1. Field of Invention
The present invention relates to aromatic silicon-containing compounds, and to their use in silicon-containing outmost protective layers such as for electrophotographic photoreceptors, and process cartridges and image forming apparatuses containing photoreceptors having such protective layers. The present invention relates to methods of making such aromatic silicon-containing compounds, crosslinked siloxane outmost protective layers, electrophotographic photoreceptors, process cartridges, and image forming apparatuses.
2. Description of Related Art
In xerography, or electrophotographic printing/copying, a charge-retentive device called a photoreceptor is electrostatically charged. For optimal image production, the photoreceptor should be uniformly charged across its entire surface. The photoreceptor is then exposed to a light pattern of an input image to selectively discharge the surface of the photoreceptor in accordance with the image. The resulting pattern of charged and discharged areas on the photoreceptor forms an electrostatic charge pattern (i.e., a latent image) conforming to the input image. The latent image is developed by contacting it with finely divided electrostatically attractable powder called toner. Toner is held on the image areas by electrostatic force. The toner image may then be transferred to a substrate or support member, and the image is then affixed to the substrate or support member by a fusing process to form a permanent image thereon. After transfer, excess toner left on the photoreceptor is cleaned from its surface, and residual charge is erased from the photoreceptor.
Electrophotographic photoreceptors can be provided in a number of forms. For example, the photoreceptors can be a homogeneous layer of a single material, such as vitreous selenium, or it can be a composite layer containing a photoconductive layer and another material. In addition, the photoreceptor can be layered. Current layered photoreceptors generally have at least a flexible substrate support layer and two active layers. These active layers generally include a charge generating layer containing a light absorbing material, and a charge transport layer containing electron donor molecules. These layers can be in any order, and sometimes can be combined in a single or a mixed layer. The flexible substrate support layer can be formed of a conductive material. Alternatively, a conductive layer can be formed on top of a nonconductive flexible substrate support layer.
An electrostatographic photoreceptor can be in a rigid drum configuration or in a flexible belt configuration that can be either a seamless or a seamed belt. Typical electrophotographic photoreceptor drums comprise a charge transport layer and a charge generating layer coated over a rigid conducting substrate support drum. However, for flexible electrophotographic photoreceptor belts, the charge transport layer and charge generating layer are coated on top of a flexible substrate support layer. To ensure that the photoreceptor belts exhibit sufficient flatness, an anticurl backing layer can be coated onto the back side of the flexible substrate support layer to counteract upward curling and ensure photoreceptor flatness.

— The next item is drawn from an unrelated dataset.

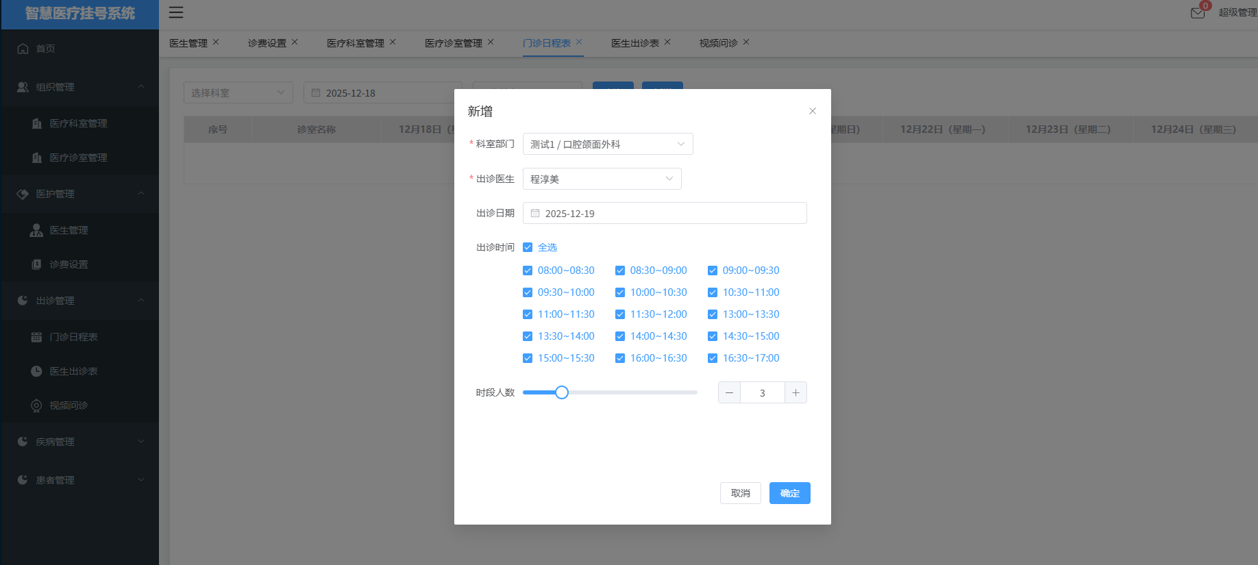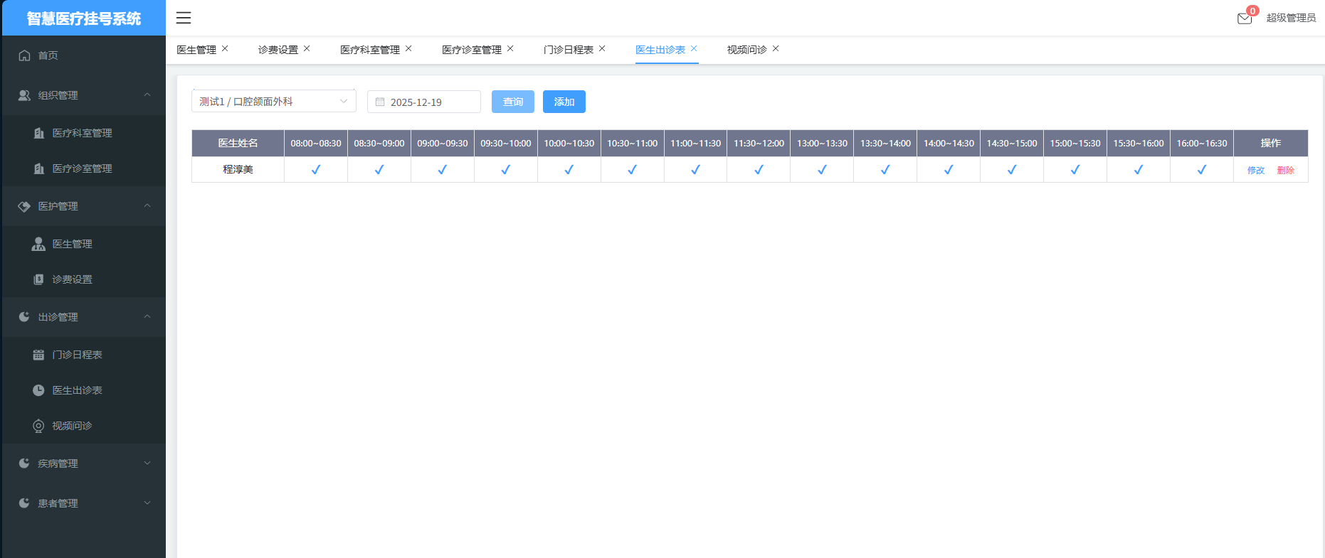 5. 门诊日程表
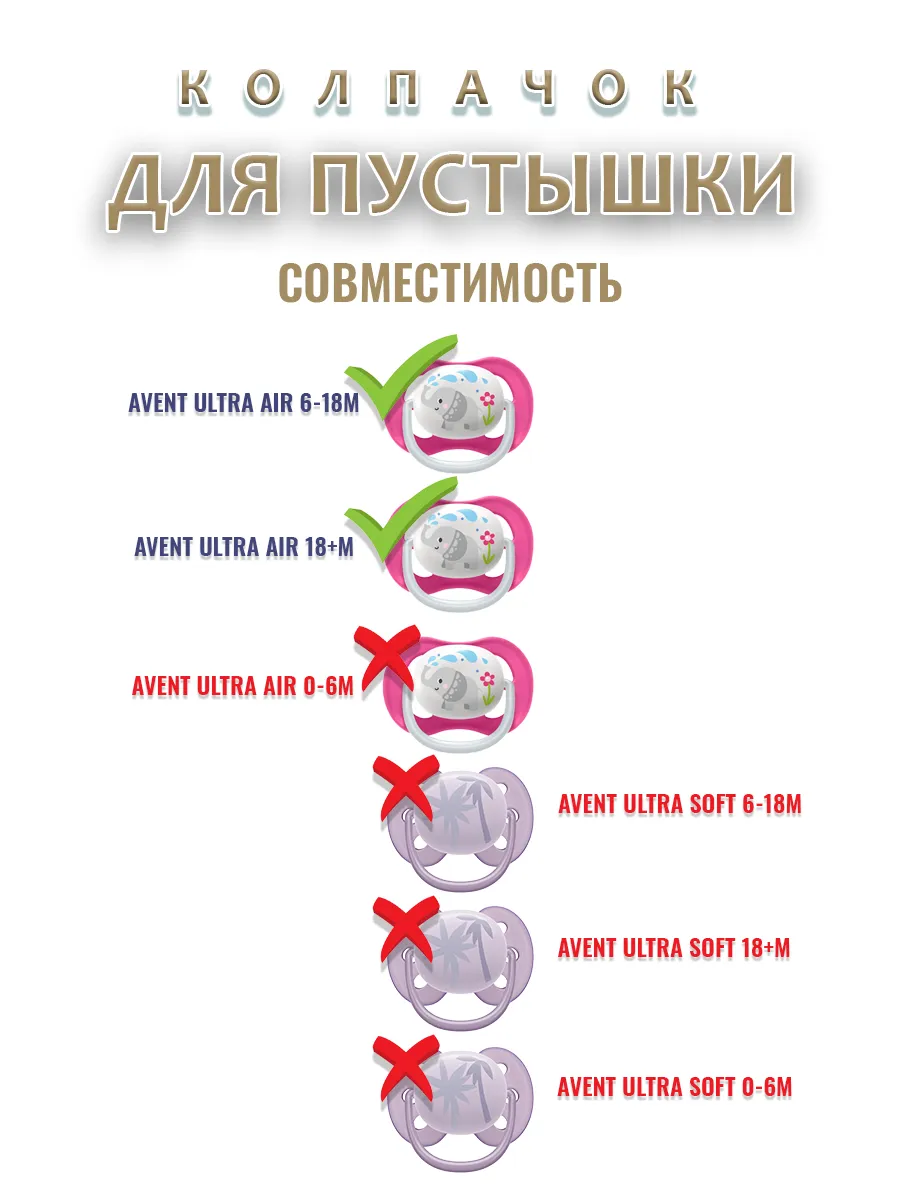 Колпачок подходит к соскам пустышкам брендa AVENT ultra air 6-18m, 18+m. НЕ СОВМЕСТИМ С МОДЕЛЯМИ - AVENT ultra air 0-6m и всеми AVENT ultra soft.

In many modern electrophotographic imaging systems the flexible photoreceptor belts are repeatedly cycled to achieve high speed imaging. As a result of this repetitive cycling, the outermost layer of the photoreceptor experiences a high degree of frictional contact with other machine subsystem components used to clean and/or prepare the photoreceptor for imaging during each cycle. When repeatedly subjected to cyclic mechanical interactions against the machine subsystem components, photoreceptor belts can experience severe frictional wear at the outermost organic photoreceptor layer surface that can greatly reduce the useful life of the photoreceptor. Ultimately, the resulting wear impairs photoreceptor performance and thus image quality.
In order to mitigate erosion of the top outermost layer during these processes, the outermost layer can be coated with a thin protective layer, such as a siloxane-containing or silicon hard overcoat as disclosed in U.S. Patent Application Publication No. US 2004/0086794 A1, incorporated herein by reference in its entirety.